Lower down are entries containing pictures. Copy exactly, without those pictures, the lines from the line with "- Bull case: further" through the line with "店名の煎餅もんじゃもキレイに出来上がりました。".

# [Data extract]
------

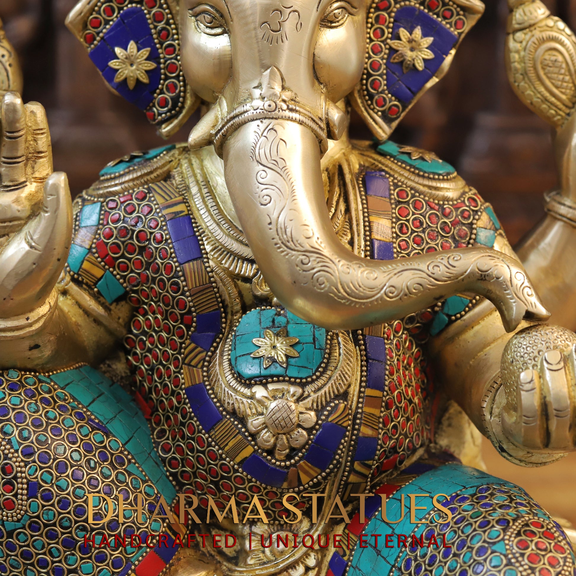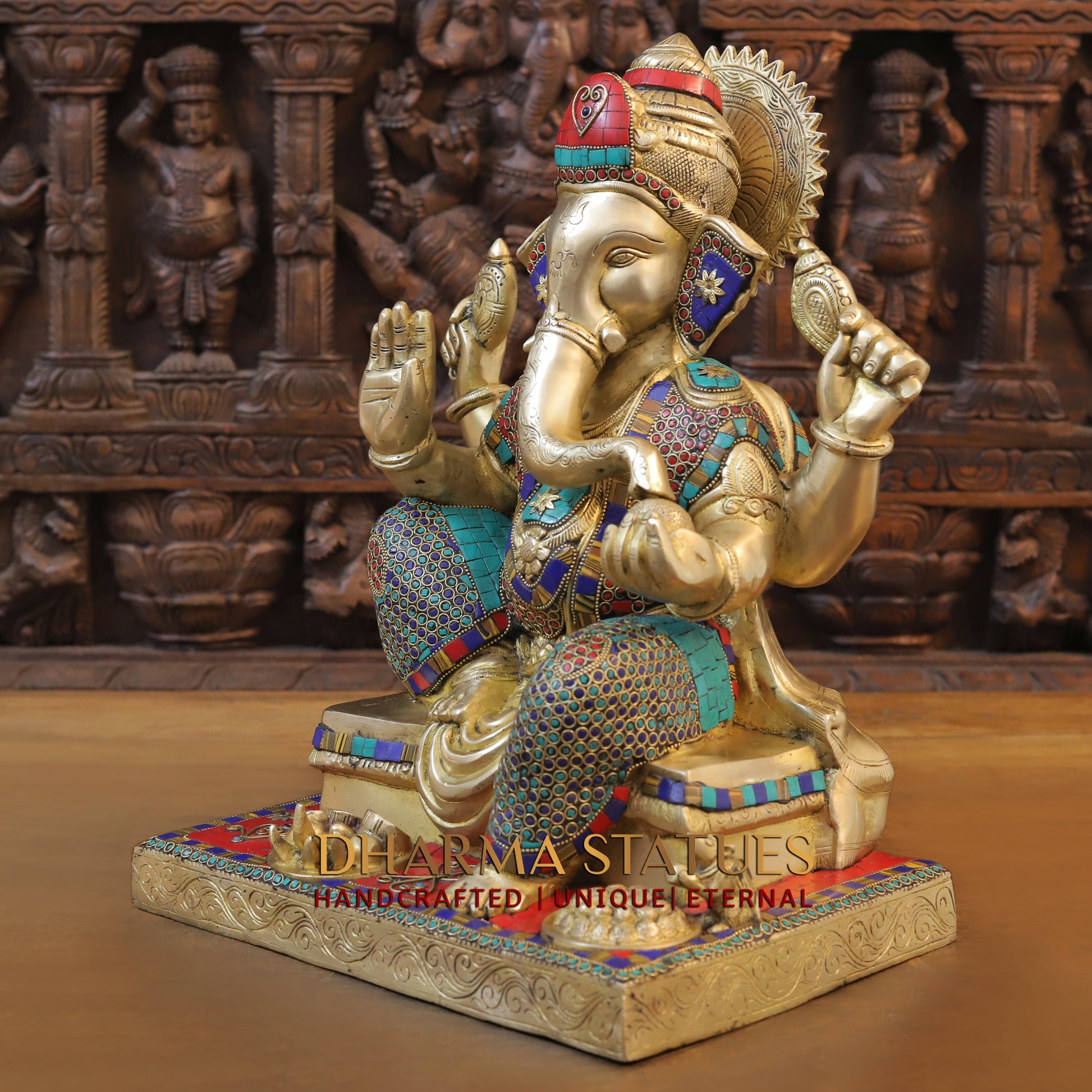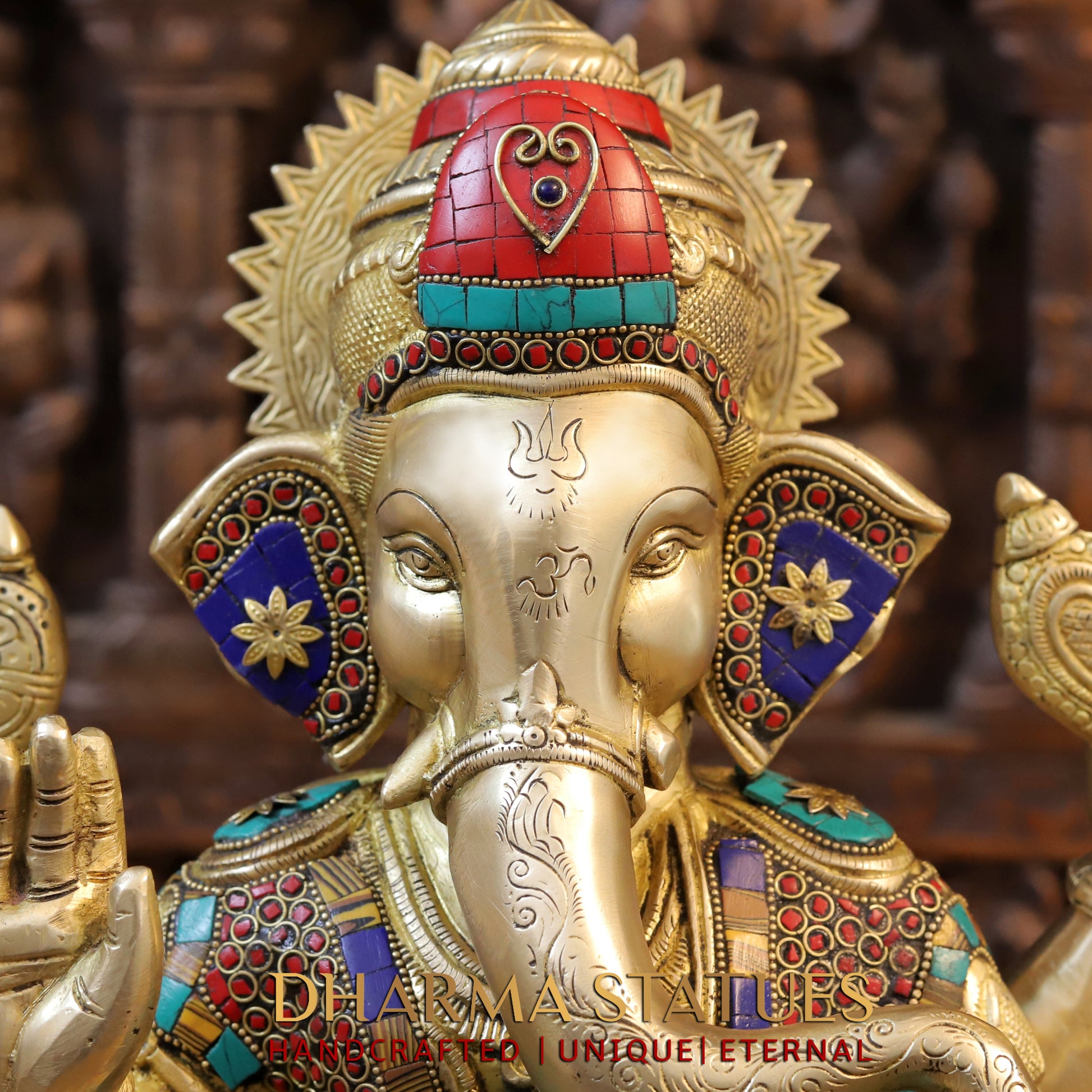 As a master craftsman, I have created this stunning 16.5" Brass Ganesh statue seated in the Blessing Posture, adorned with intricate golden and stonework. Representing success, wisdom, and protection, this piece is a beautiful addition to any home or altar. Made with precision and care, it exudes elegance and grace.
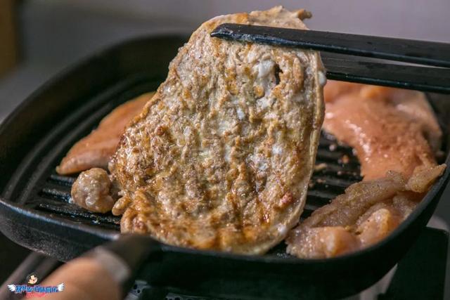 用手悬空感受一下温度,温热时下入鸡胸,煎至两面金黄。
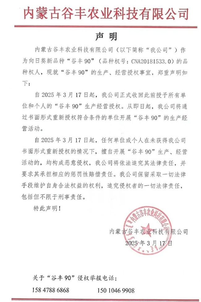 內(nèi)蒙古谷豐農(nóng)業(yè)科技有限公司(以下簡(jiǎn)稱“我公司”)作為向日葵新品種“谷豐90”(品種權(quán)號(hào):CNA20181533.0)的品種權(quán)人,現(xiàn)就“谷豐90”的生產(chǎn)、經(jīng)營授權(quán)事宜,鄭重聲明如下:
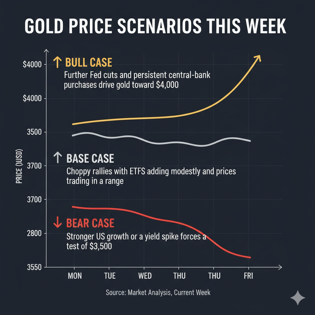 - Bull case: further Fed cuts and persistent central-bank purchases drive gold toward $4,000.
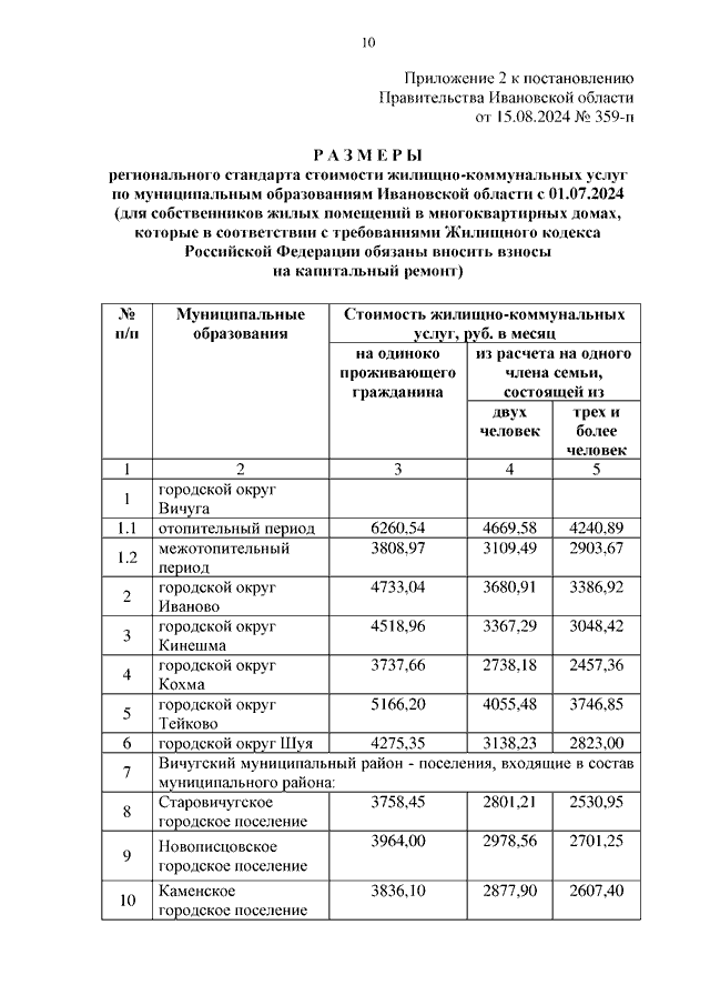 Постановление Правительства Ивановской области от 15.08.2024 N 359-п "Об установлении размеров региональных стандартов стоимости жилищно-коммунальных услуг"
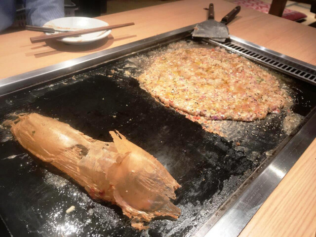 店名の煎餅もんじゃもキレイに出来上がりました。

------

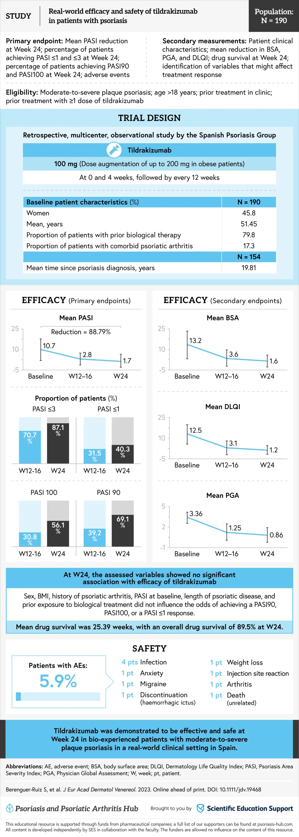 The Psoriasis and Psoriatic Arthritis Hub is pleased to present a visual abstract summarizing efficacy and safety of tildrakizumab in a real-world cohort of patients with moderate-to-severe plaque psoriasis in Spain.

------

# [Response]
 - Bull case: further Fed cuts and persistent central-bank purchases drive gold toward $4,000.
 Постановление Правительства Ивановской области от 15.08.2024 N 359-п "Об установлении размеров региональных стандартов стоимости жилищно-коммунальных услуг"
 店名の煎餅もんじゃもキレイに出来上がりました。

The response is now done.